### WORK TASK
Write out exactly the lines below starting at the one containing "1900年以前,英国骑师都是" and ending at the one containing "Получить поздравления на". Omit every picture.

(Records from a data collection)
====================
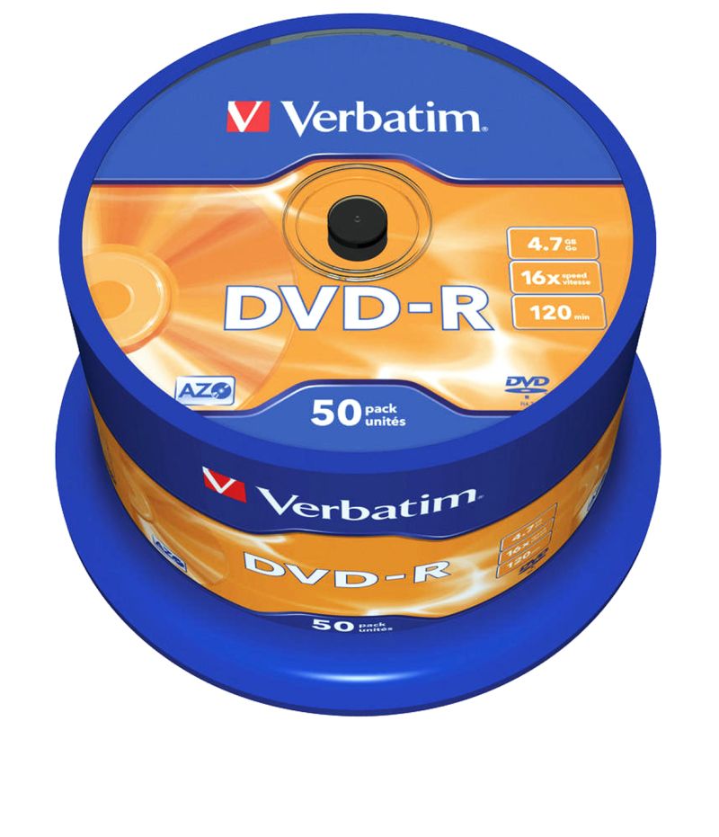 DVD-R Verbatim 4.7GB 16x, опаковка 50 броя на шпиндел
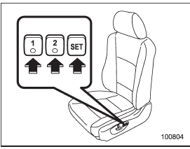 • When any trouble or a malfunction occurs during the retrieval of the seat position, stop the retrieval of the seat position using any of the control switches for manual adjustment, seat memory set button, seat memory registered button 1 or 2.
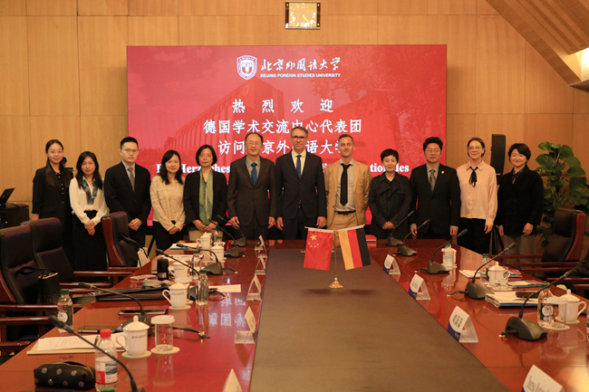 10月14日,德国学术交流中心(DAAD)秘书长凯·西克斯(Kai Sicks)一行访问Beat365唯一官方网站,北外校长、党委副书记贾文键会见代表团一行。
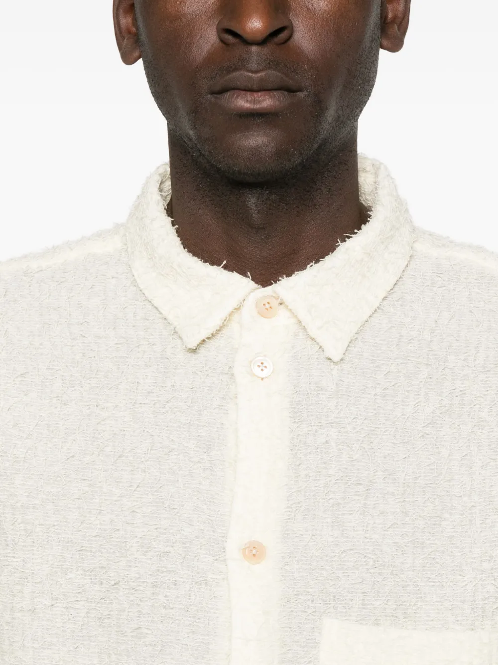 Белый нагрудный накладной карман застежка на пуговицы спереди длинные рукава классический воротник ворсистый эффект
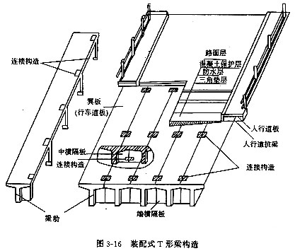 2)肋梁式簡支梁橋(簡稱簡支梁橋)。簡支梁橋主要用于中等跨度的橋梁。中小跨徑在8-12m時,采用鋼筋混凝土簡支梁橋;跨徑在20-50m時,多采用預(yù)應(yīng)力混凝土簡支梁橋。在我國使用最多的簡支梁橋的橫截面形式是由多片T形梁組成的橫截面。
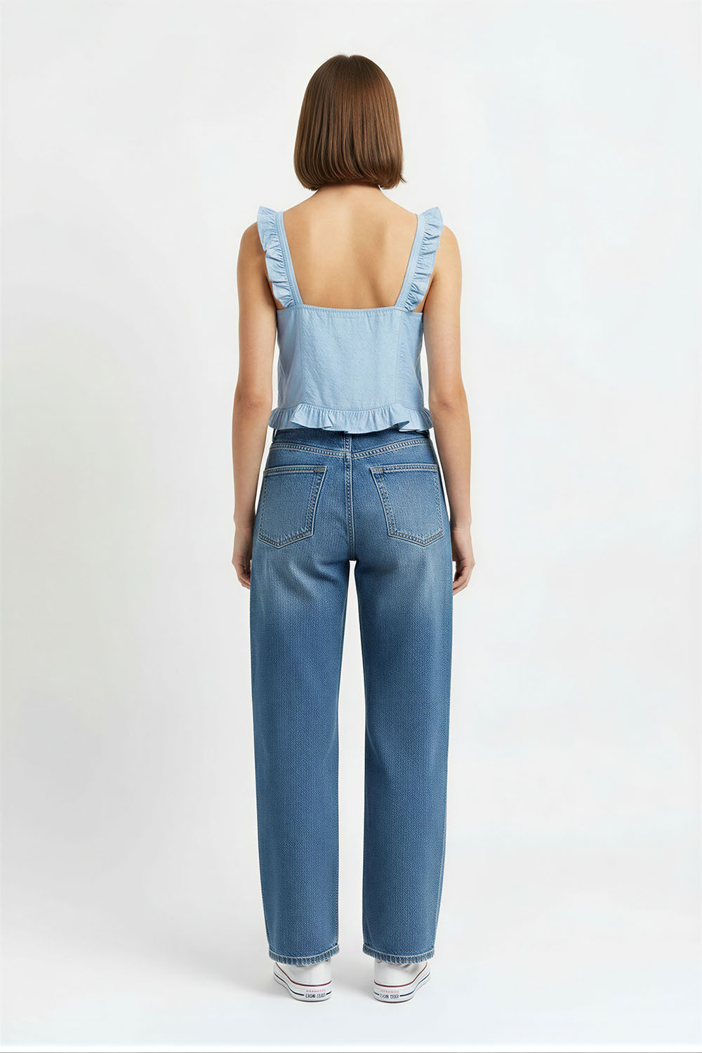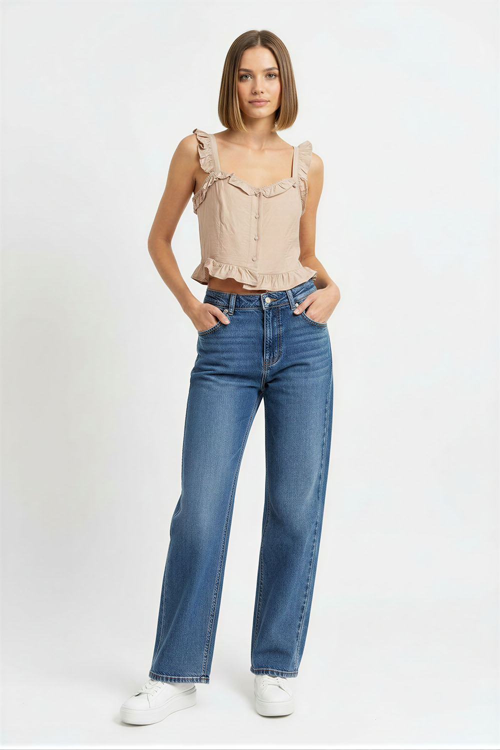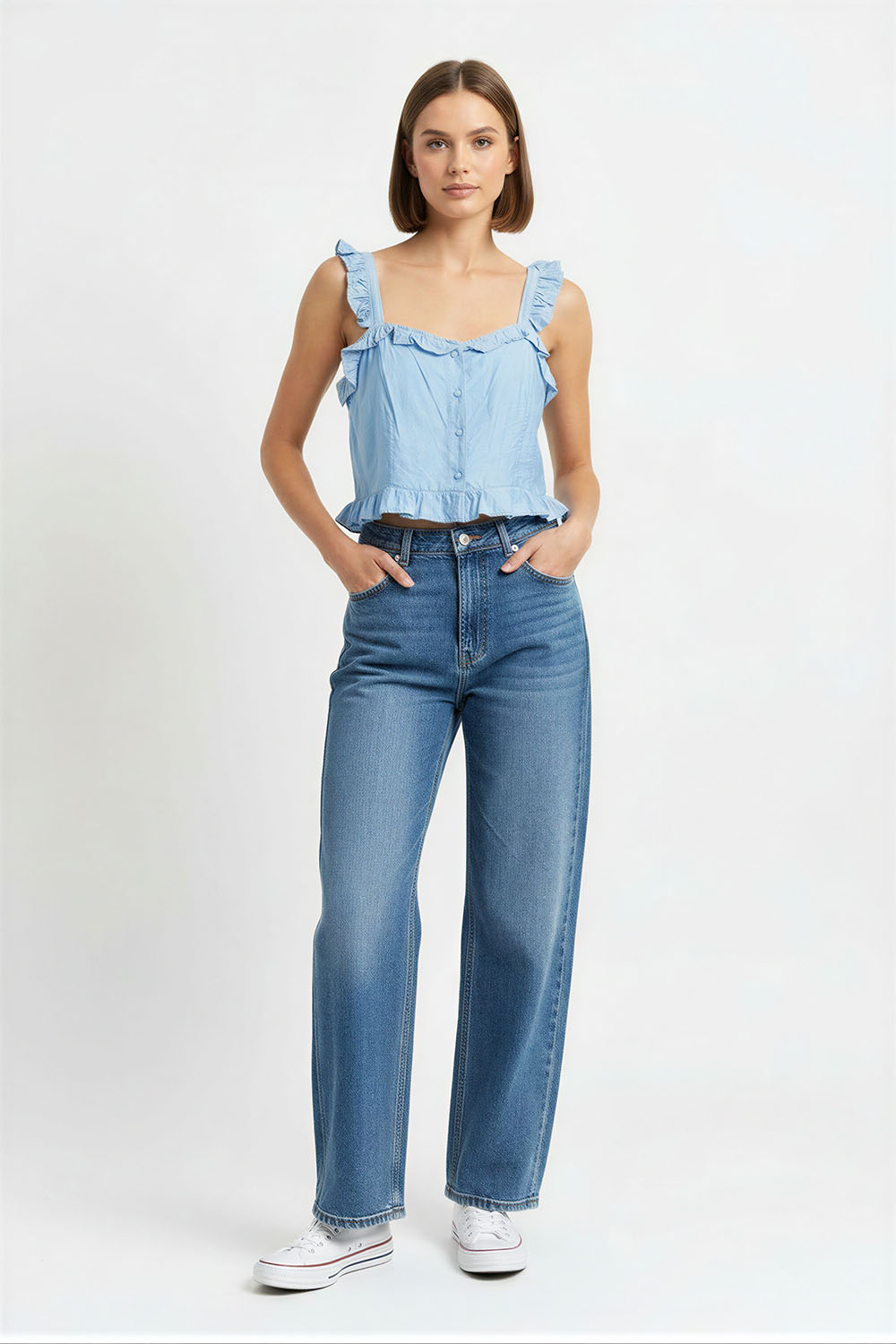 Blusa con tirantes anchos y escote recto con detalle de olanes que aportan volumen, diseño con botonadura frontal funcional que facilita su uso, corte recto con ligero vuelo inferior que brinda comodidad, confección ligera que permite frescura durante el día
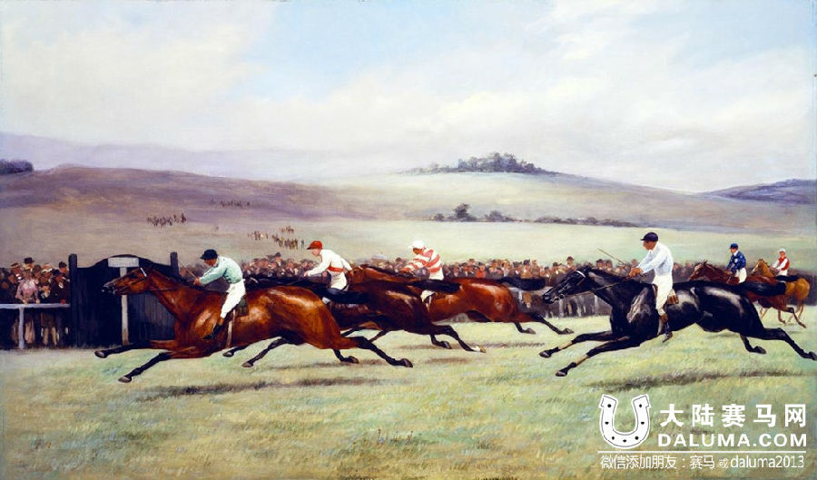1900年以前,英国骑师都是站在长长的马镫上赛马,坑了自己的成绩。这幅1894年的绘画再现了当时的盛景
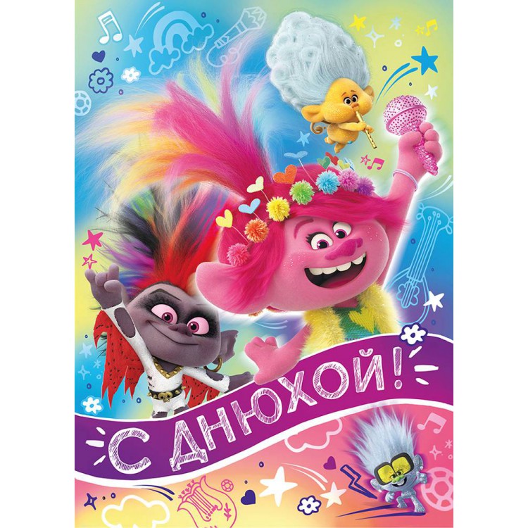 Получить поздравления на День рождения от Розочки мечтает каждая поклонница мультфильмов о приключениях троллей. Порадовать открыткой с любимыми героями теперь просто. Trolls-открытка порадует и мальчика и девочку. Качественная печать делает открытку ярким акцентом праздничного дня. Любимые тролли на открытке приведут в восторг всех фанаток и открытка займет почетное место на столе именинницы. Всё, что нужно - это написать добрые слова-пожелания получательнице и подарок готов! Открытка-подарок подойдёт сестре, подруге, дочери или коллеге.
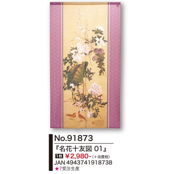 ★のれん「渡辺崋山_名花十友図 01」 約幅 85cm × 丈 150cm 1点
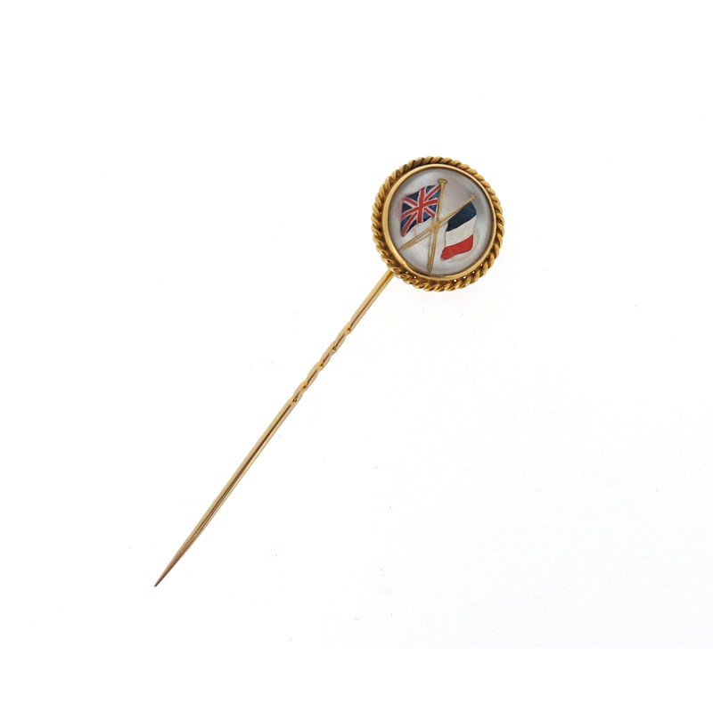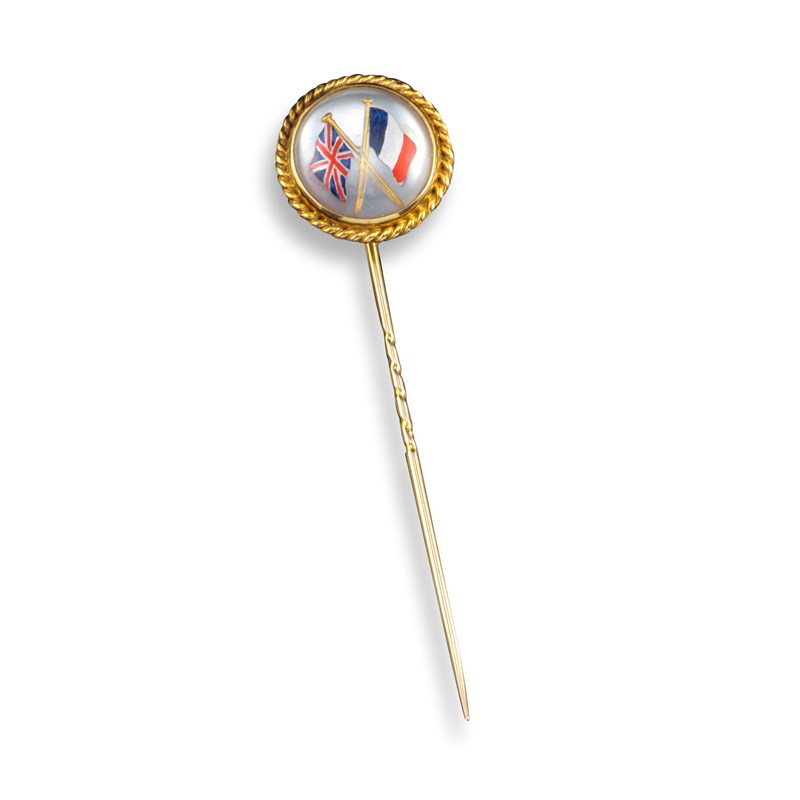 A reverse-carved crystal gold stick pin, depicting the Union Flag and French Tricolour within a gold circular ropetwist border, 7cm high, case
====================
### YOUR SOLUTION
1900年以前,英国骑师都是站在长长的马镫上赛马,坑了自己的成绩。这幅1894年的绘画再现了当时的盛景
 Получить поздравления на День рождения от Розочки мечтает каждая поклонница мультфильмов о приключениях троллей. Порадовать открыткой с любимыми героями теперь просто. Trolls-открытка порадует и мальчика и девочку. Качественная печать делает открытку ярким акцентом праздничного дня. Любимые тролли на открытке приведут в восторг всех фанаток и открытка займет почетное место на столе именинницы. Всё, что нужно - это написать добрые слова-пожелания получательнице и подарок готов! Открытка-подарок подойдёт сестре, подруге, дочери или коллеге.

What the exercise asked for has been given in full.